Once --event-vector enabled, event crypto adapter will group processed
crypto operation into rte_event_vector event with type
RTE_EVENT_TYPE_CRYPTODEV_VECTOR.
Signed-off-by: Volodymyr Fialko <vfialko@marvell.com>
---
doc/guides/sample_app_ug/ipsec_secgw.rst | 3 +
examples/ipsec-secgw/event_helper.c | 34 ++-
examples/ipsec-secgw/ipsec-secgw.c | 2 +-
examples/ipsec-secgw/ipsec-secgw.h | 1 +
examples/ipsec-secgw/ipsec_worker.c | 281 ++++++++++++++++++-----
5 files changed, 264 insertions(+), 57 deletions(-)

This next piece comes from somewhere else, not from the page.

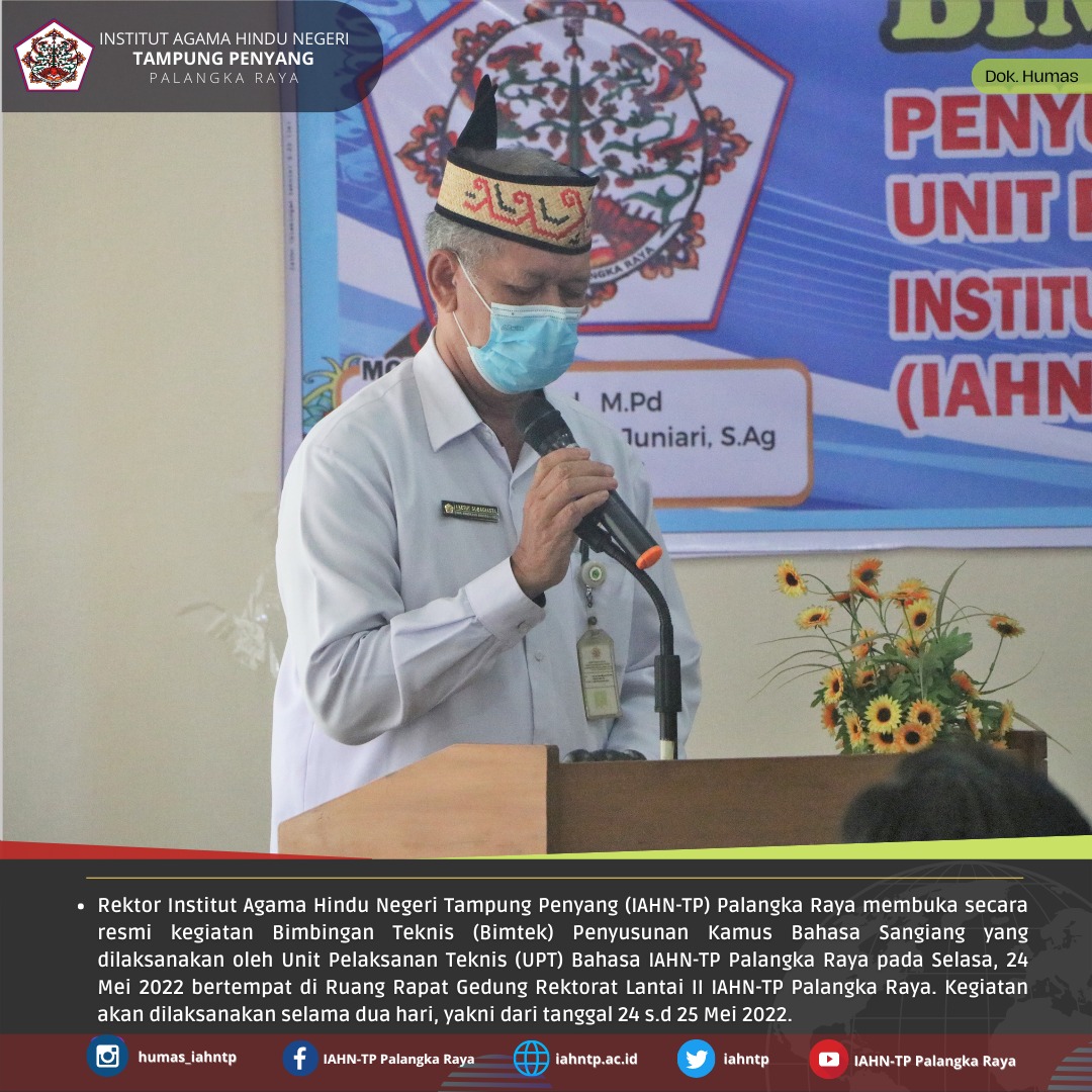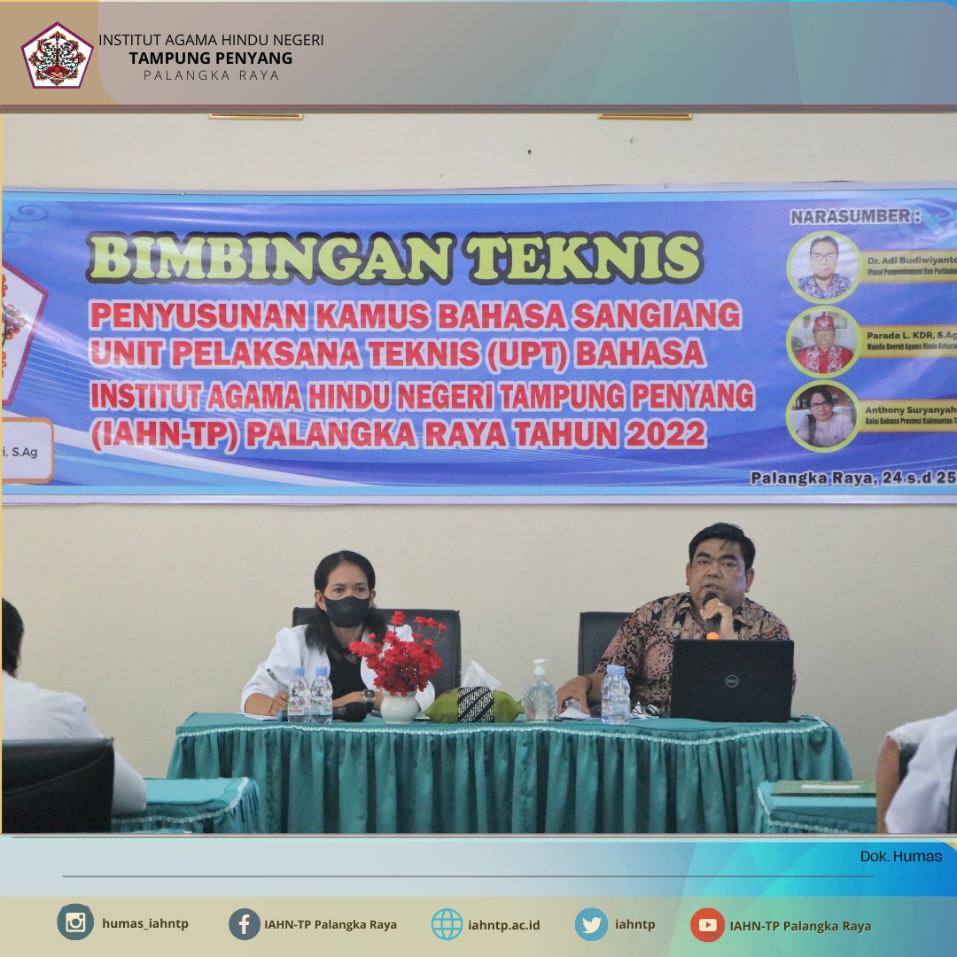 IAHNTPnews,- Unit Pelaksana Teknis (UPT) Bahasa Institut Agama Hindu Negeri Tampung Penyang (IAHN-TP) Palangka Raya melaksanakan kegiatan Bimbingan Teknis Penyusunan Kamus Bahasa Sangiang pada Selasa, 24 Mei 2022 bertempat di Ruang Rapat Lantai II Gedung Rektorat IAHN-TP Palangka Raya.

diff --git a/doc/guides/sample_app_ug/ipsec_secgw.rst b/doc/guides/sample_app_ug/ipsec_secgw.rst
index c7b87889f1..2a1aeae7c5 100644
--- a/doc/guides/sample_app_ug/ipsec_secgw.rst
+++ b/doc/guides/sample_app_ug/ipsec_secgw.rst
@@ -94,6 +94,9 @@ The application supports two modes of operation: poll mode and event mode.
(default vector-size is 16) and vector-tmo (default vector-tmo is 102400ns).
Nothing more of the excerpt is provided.